Problem requirements>
Could you copy word for word only the lines between the one containing "それでも、コーチと一緒に自分" and the end of the listing below, both included, and leave out the pictures?

Data supplied>

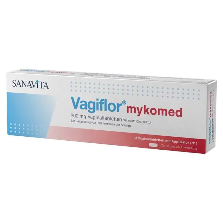 Vagiflor® mykomed 200 mg Vaginaltabletten Wirkstoff: Clotrimazol Anwendungsgebiete: Ausfluss, bedingt durch Pilze (meist Candida); Entzündung der Scheide durch Pilze, Superinfektionen mit Clotrimazol-empfindlichen Bakterien. Apothekenpflichtig Stand: 11/2023 Zu Risiken und Nebenwirkungen lesen Sie die Packungsbeilage und fragen Sie Ihre Ärztin, Ihren Arzt oder in Ihrer Apotheke.
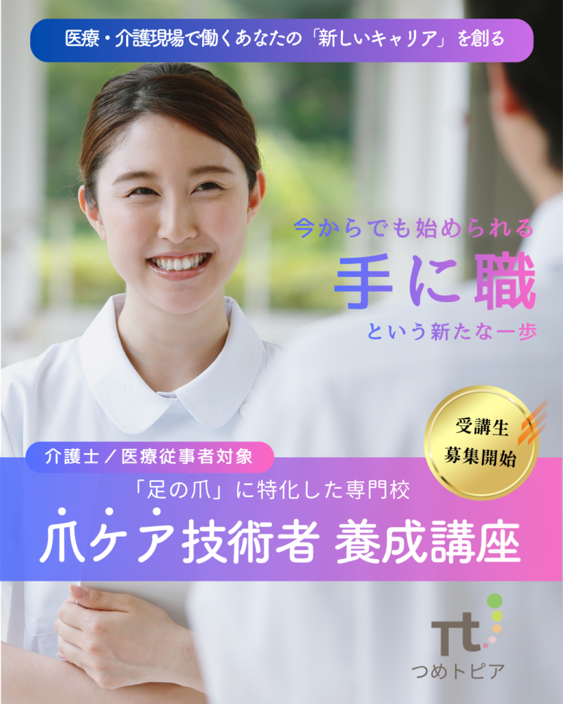医療介護従事者を等を対象とした「爪ケア技術者養成講座」が2024年3月から開講中
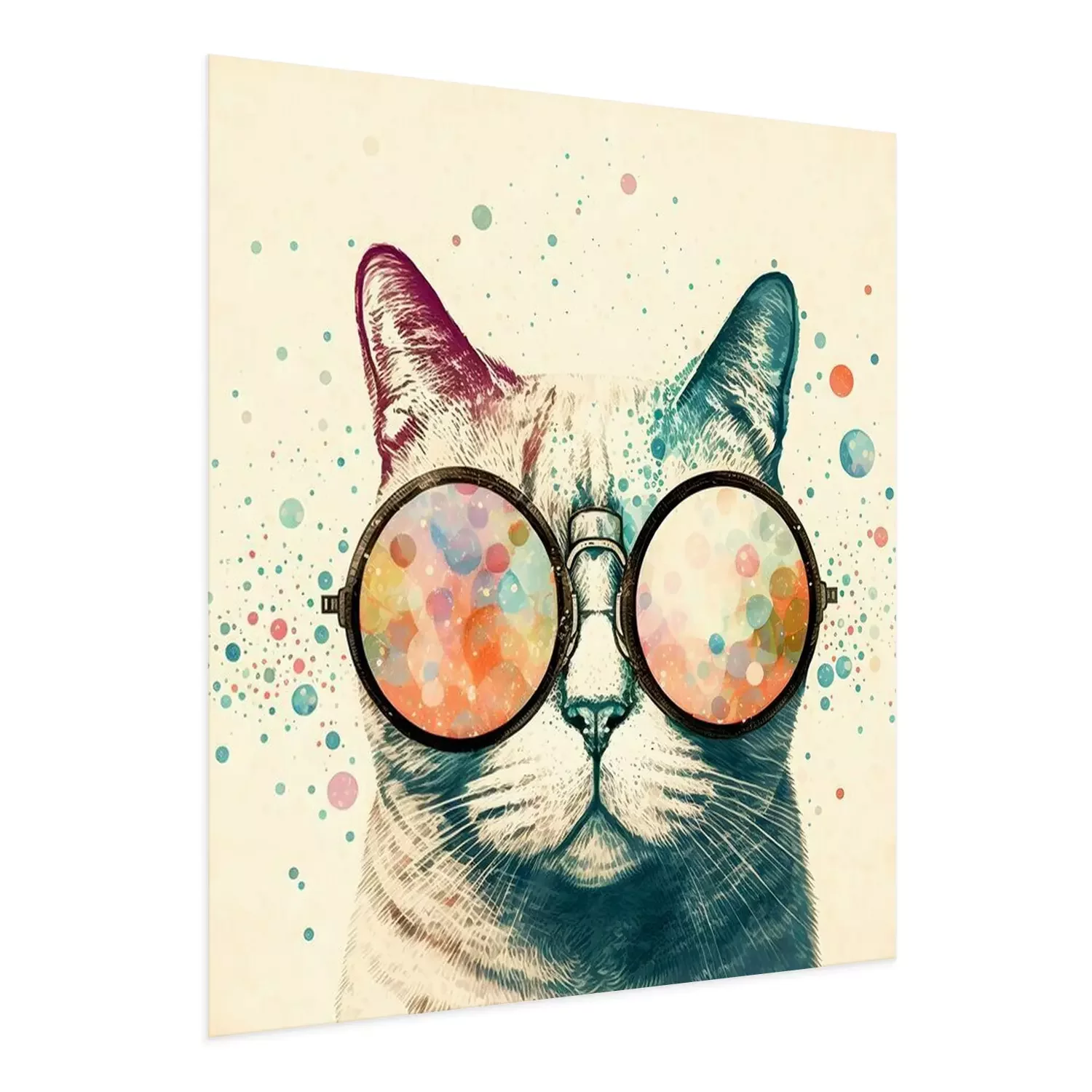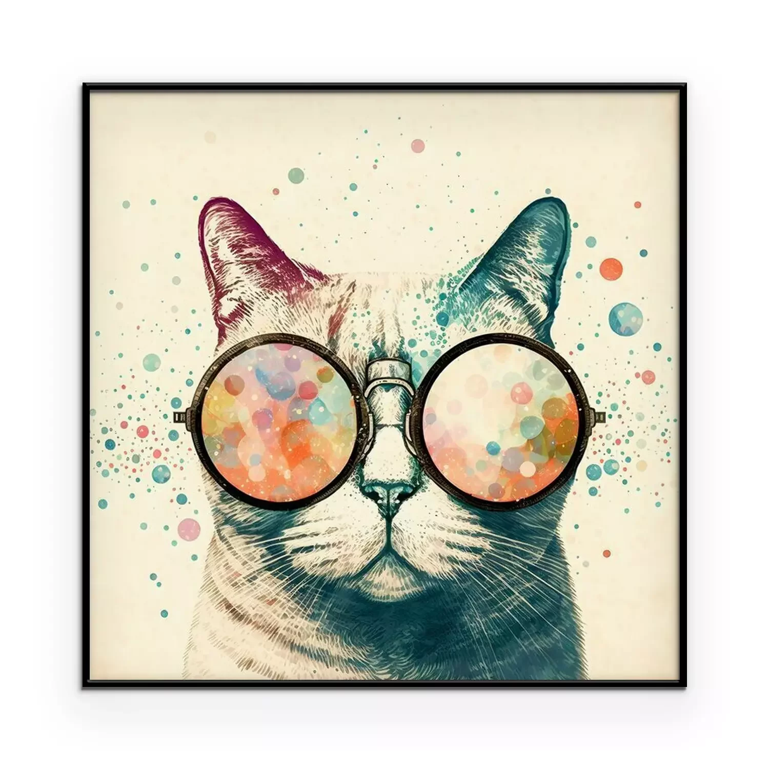 Wij presenteren jou een unieke poster met een kat! Als je dol bent op spinnende vriendjes, dan zou zo'n muurdecoratie perfect passen bij jouw inrichting. Voor velen van ons zijn dieren volwaardige gezinsleden, daarom vinden wij het belangrijk om hun aanwezigheid te benadrukken in het interieur. Op deze manier wordt de katten poster niet alleen een versiering voor de woonkamer of slaapkamer, maar ook een manier om te laten zien dat deze pluizige metgezellen belangrijk voor ons zijn. Dit maakt het ontwerp niet slechts een tijdelijke versiering - het zal niet uit de mode raken of vervelen - maar het zal zich gedurende vele jaren integreren in de inrichting, de ogen van alle bewoners verheugend. Een kenmerk van onze katten poster is ook dat deze past bij veel verschillende stijlen, omdat het verschillende esthetieken combineert. Aan de ene kant is het een realistisch portret, aan de andere kant draagt de kat een "John Lennon" bril op zijn neus, wat de poster met een kat grappig maakt. Het geheel is gehouden in een ingetogen kleurenpalet, maar tegelijkertijd is het ontwerp verlevendigd met kleurrijke stippen, als confetti die uit de hemel valt, waardoor het een opvallende poster over katten is. Zo'n portret van een kat kan bijvoorbeeld een plek vinden in een moderne woonkamer, waar het minimalisme doorbreekt en het ingetogen karakter van het interieur aanvult, maar het past ook goed in een retro-inrichting geïnspireerd door de jaren '70 van de vorige eeuw. Voor liefhebbers van expressieve stijlen raden we aan om zo'n katten poster in de slaapkamer te hangen, omdat het boven het hoofdeinde van het bed een nieuwe dimensie aan de inrichting geeft. Het past goed bij de boho- en kawaii-stijlen, die gebaseerd zijn op pastelkleuren en meubels met zachte, ronde vormen. Een ideale plek voor een katten poster is ook een jeugdige inrichting. De "Lenonki" bril die de kat draagt, verwijst naar de beroemde zanger van The Beatles, dus het is een perfect idee om liefde voor dieren en muziek te combineren! Voor het visuele effect is het aan te raden om te denken aan een zwarte lijst waarin de katten poster kan worden ingelijst. De kat op dit grappige portret is ook een uitstekende keuze voor de kinderkamer. Alle kleintjes houden van dieren, dus als het kind droomt van een huisdier, maar nog te klein is voor de zorg ervoor, zijn kattenposters voor aan de muur een goede alternatieve oplossing. Katten worden dan speelkameraadjes voor het kind, waardoor de inrichting een knus en aantrekkelijk karakter krijgt. En omdat het, zoals eerder benadrukt, geen kinderachtig ontwerp is, zal het de kleintjes vele jaren dienen, omdat ze er niet snel uit zullen groeien.
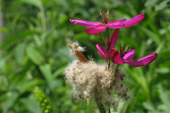 Samen einer Anemone und eine daneben stehende Lichtnelke, was eine ganz individuelle Komposition ergibt. weiter
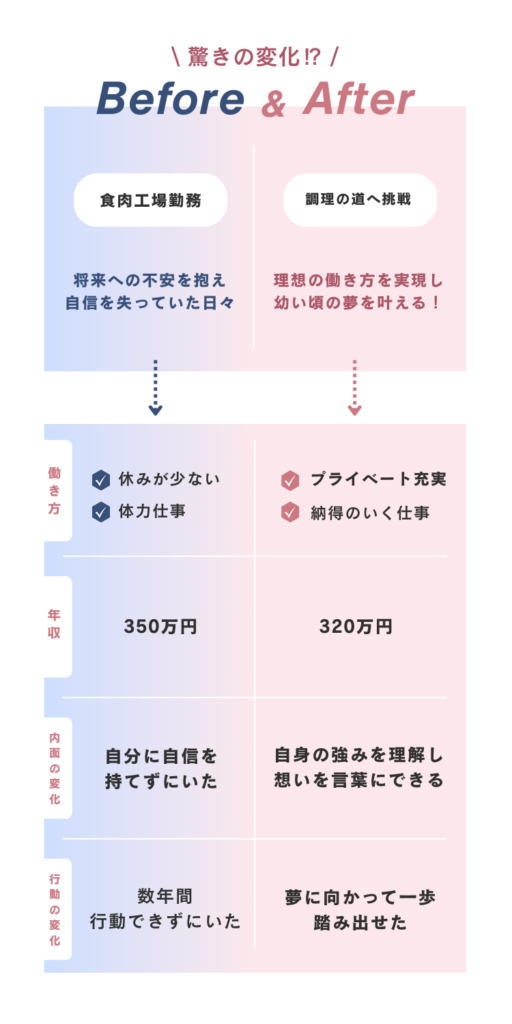 それでも、コーチと一緒に自分の理想の働き方を整理していく中で、「調理の道でも、私の理想の働き方ができる場所は必ずある」と思えるようになったんです。
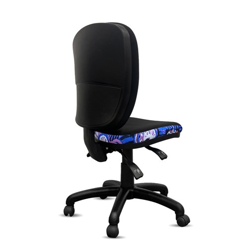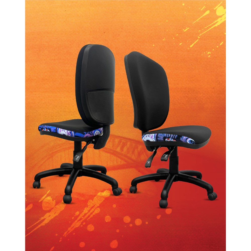 • A unique commercial fabrics designed by Murdie Nampijinpa Morris (Indigenous Artist) combined with K2 Black Fabric to upholster the chair.

Solution for this task>
 それでも、コーチと一緒に自分の理想の働き方を整理していく中で、「調理の道でも、私の理想の働き方ができる場所は必ずある」と思えるようになったんです。
 • A unique commercial fabrics designed by Murdie Nampijinpa Morris (Indigenous Artist) combined with K2 Black Fabric to upholster the chair.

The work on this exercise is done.